[INSTRUCTIONS FOR THE TASK]
The answer should hold only the lines from the beginning of the material through the one with "Двухточечная Пряжка напряжения", reproduced exactly and without pictures.

[SUPPLIED INFORMATION]
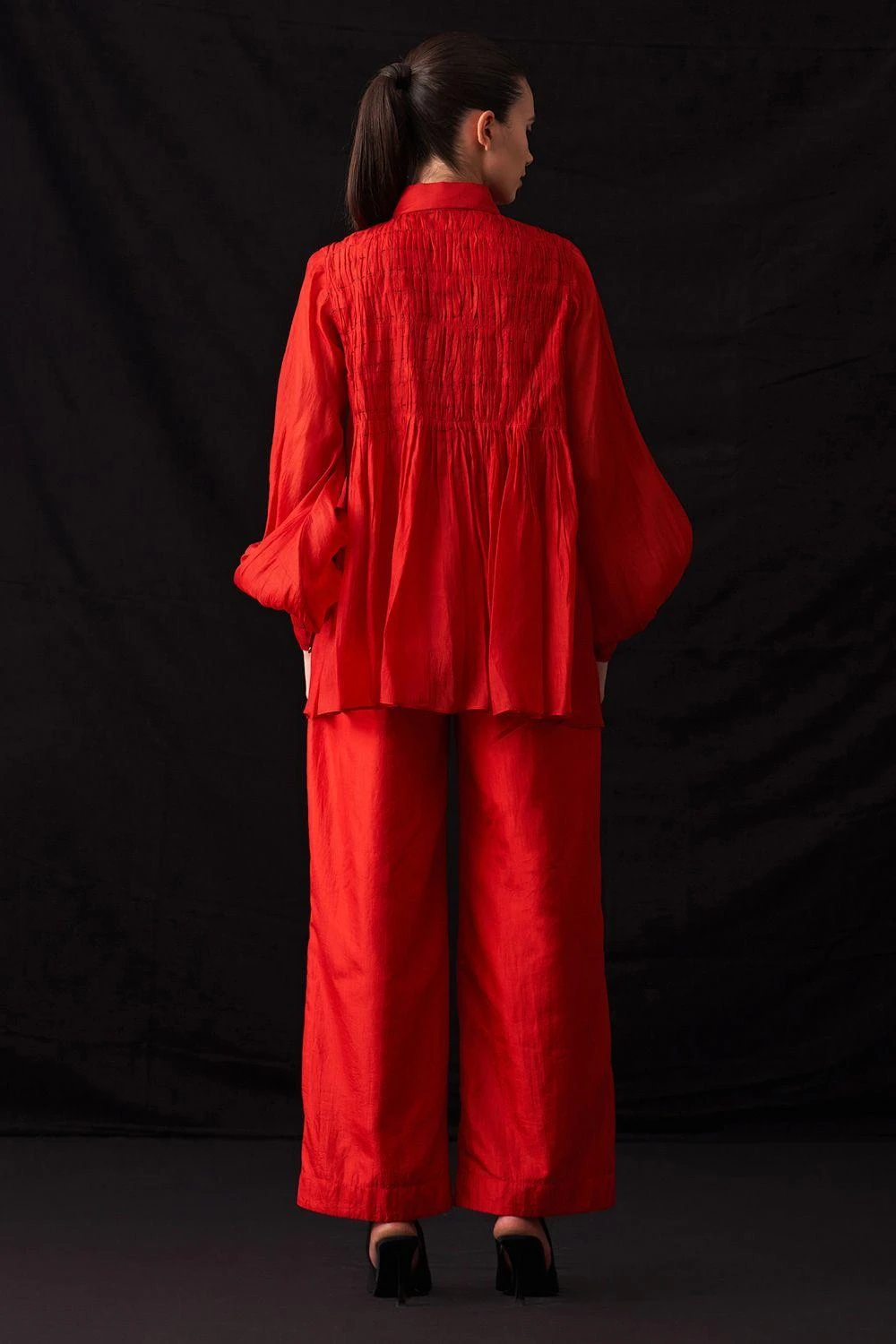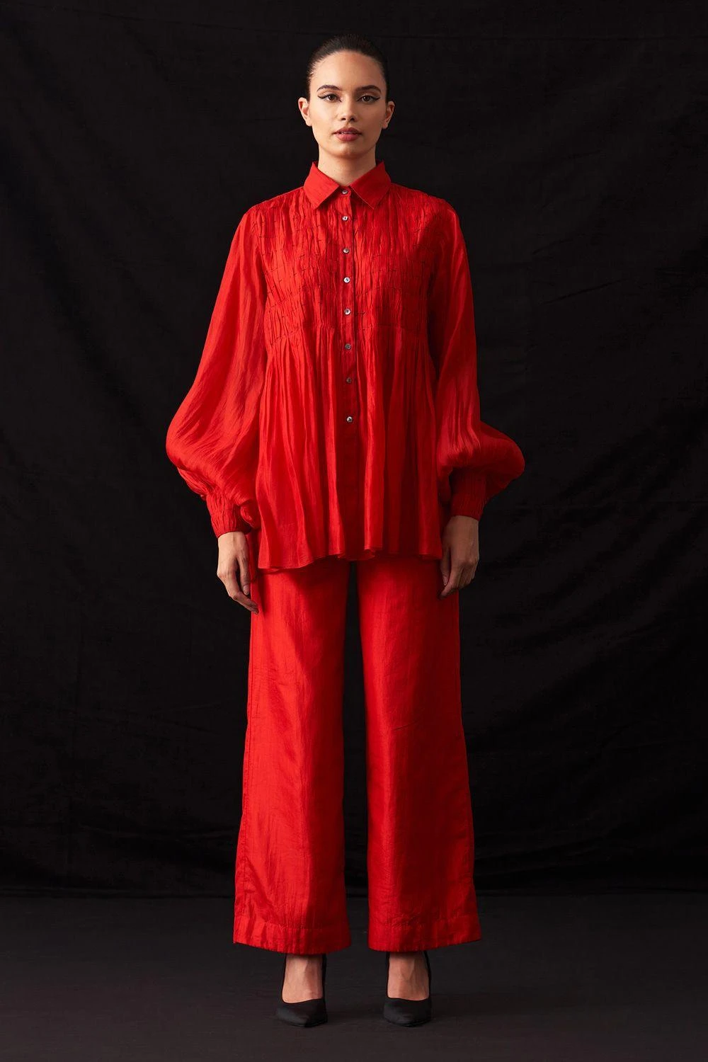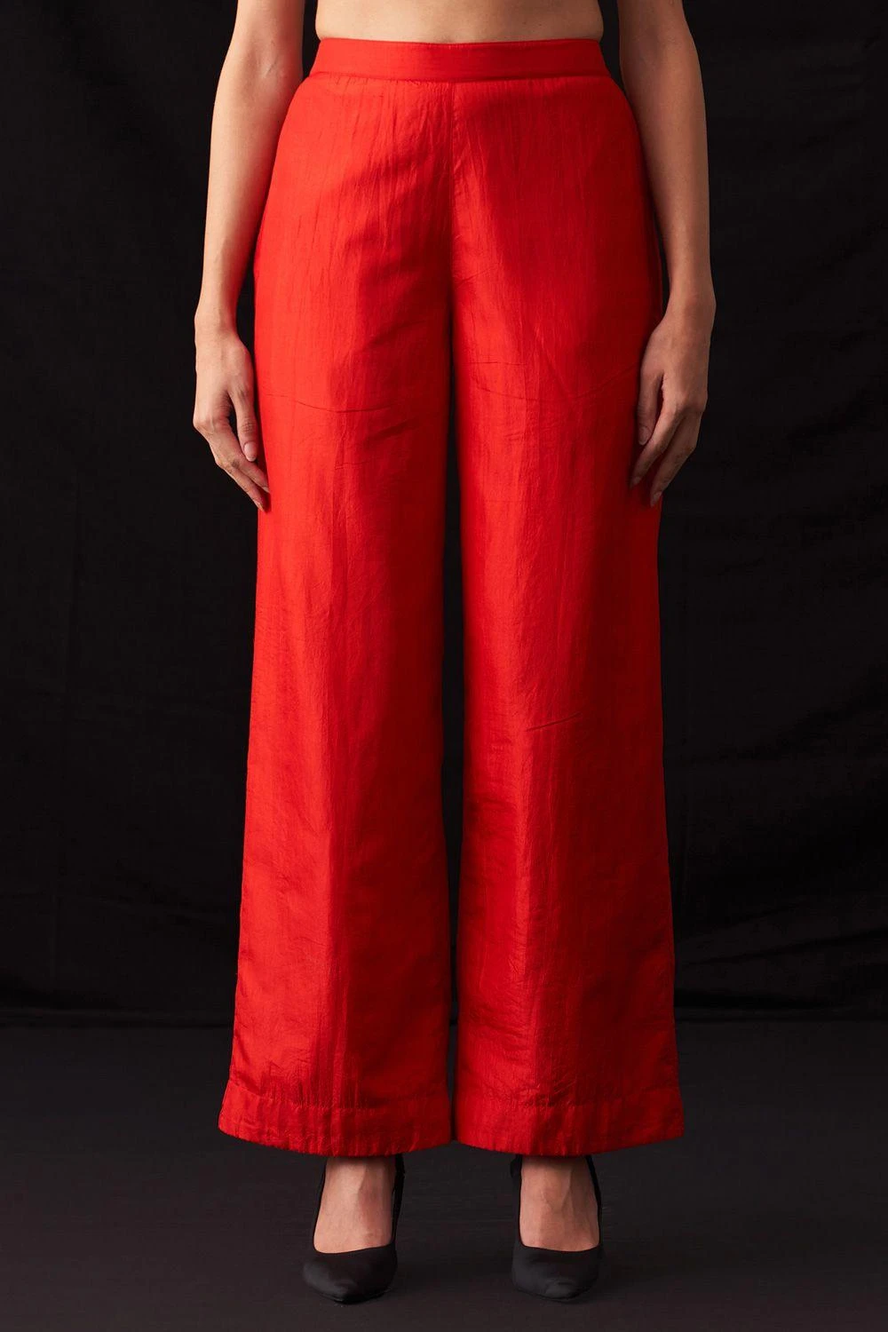 Chic and comfortable, these red silk woven straight-leg trousers feature a semi-elasticated waist. Perfect for both casual outings and polished work ensembles, they effortlessly combine style and ease for a versatile wardrobe essential.
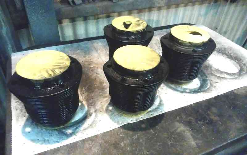 | 削るか交換するかで迷いに迷った結果、削る事に決めて腹をくくりました。どれくらい削れば良いか?キャリパーを当てながら慎重に開始です。アームが太いので安心して削りましたが、かなりの太さを削りました。ま〜それでも純正よりもかなり厚みがあるので問題ないでしょう。これでサクッと組んでこの作業は終わりと思ったのですが・・・・・。左のキャリパーのセンターが出てません。シムで調整するように書いてありますが、調整したいのはその逆の方向です。希望は約1mm!さて困った。色々と考えて秘策を思いつきました。結果は狙い通りで、バッチリセンターが出て一安心!達成感は半端ないですな〜〜〜。さ〜これでキャリパーのグリスアップして本組できます。一筋縄でいかないのは覚悟してましたが、何度も心が折れかけた私で御座います。14インチのポルシェアロイも装着不可ですし!まだまだ先は長いですぞ! |
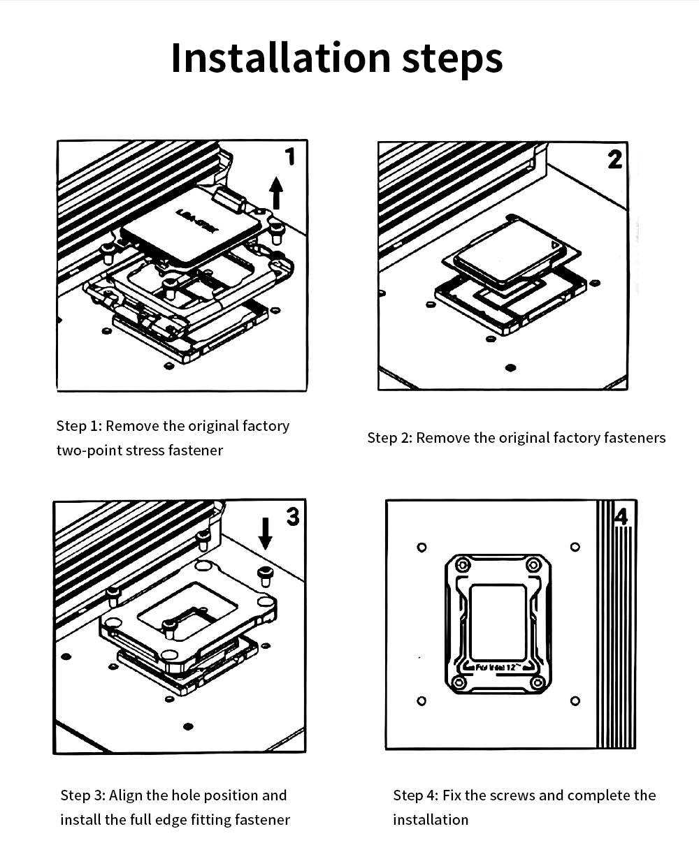 Двухточечная Пряжка напряжения оригинальной фабрики может легко вызвать деформацию процессора, что может повлиять на производительность. Эта Пряжка полностью соответствует методу посадки и фиксации рамы с равномерным напряжением и меньшей деформацией.
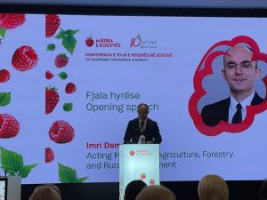 “Është nder i veçantë sot me ju të jem në konferencë konferenca e vetme nga sektori i bujqësisë që i bën 10 vite rrugëtimi tregon 0 vite sfida por më së shumti sukses. Është platformë e nivelit evropian, mjedra si një kulturë e re tregon një histori suksesi dhe shembull edhe për sektorët tjerë. Duke marrë si shembull për përfitime që po marrim nga njëri tjetri duke parë suksesin në sektorin e mjedrave por edhe sektorëve tjera që nga janari do të fillojmë me diskutime për konferencat në bujqësi. Do te jemi të parët në rajon për javën e konferencave të bujqësisë sepse këtë mundësi na fha natyre do të bëjmë investim në inovacion dhe zhvillim. Përkrahja jonë si Qeveri duhet të vazhdojë tutje me fokus të shtuar, falë këtij angazhimi sot bujqësia është e fortë. Mbi 1 milionë hektarë me mjedër. Interesi për këtë kulturë po rritet vazhdimisht fermerët kanë pare qartë se sektori i mjedrës ka stabilitet financiar.

[WRITTEN SOLUTION]
 Chic and comfortable, these red silk woven straight-leg trousers feature a semi-elasticated waist. Perfect for both casual outings and polished work ensembles, they effortlessly combine style and ease for a versatile wardrobe essential.
 | 削るか交換するかで迷いに迷った結果、削る事に決めて腹をくくりました。どれくらい削れば良いか?キャリパーを当てながら慎重に開始です。アームが太いので安心して削りましたが、かなりの太さを削りました。ま〜それでも純正よりもかなり厚みがあるので問題ないでしょう。これでサクッと組んでこの作業は終わりと思ったのですが・・・・・。左のキャリパーのセンターが出てません。シムで調整するように書いてありますが、調整したいのはその逆の方向です。希望は約1mm!さて困った。色々と考えて秘策を思いつきました。結果は狙い通りで、バッチリセンターが出て一安心!達成感は半端ないですな〜〜〜。さ〜これでキャリパーのグリスアップして本組できます。一筋縄でいかないのは覚悟してましたが、何度も心が折れかけた私で御座います。14インチのポルシェアロイも装着不可ですし!まだまだ先は長いですぞ! |
 Двухточечная Пряжка напряжения оригинальной фабрики может легко вызвать деформацию процессора, что может повлиять на производительность. Эта Пряжка полностью соответствует методу посадки и фиксации рамы с равномерным напряжением и меньшей деформацией.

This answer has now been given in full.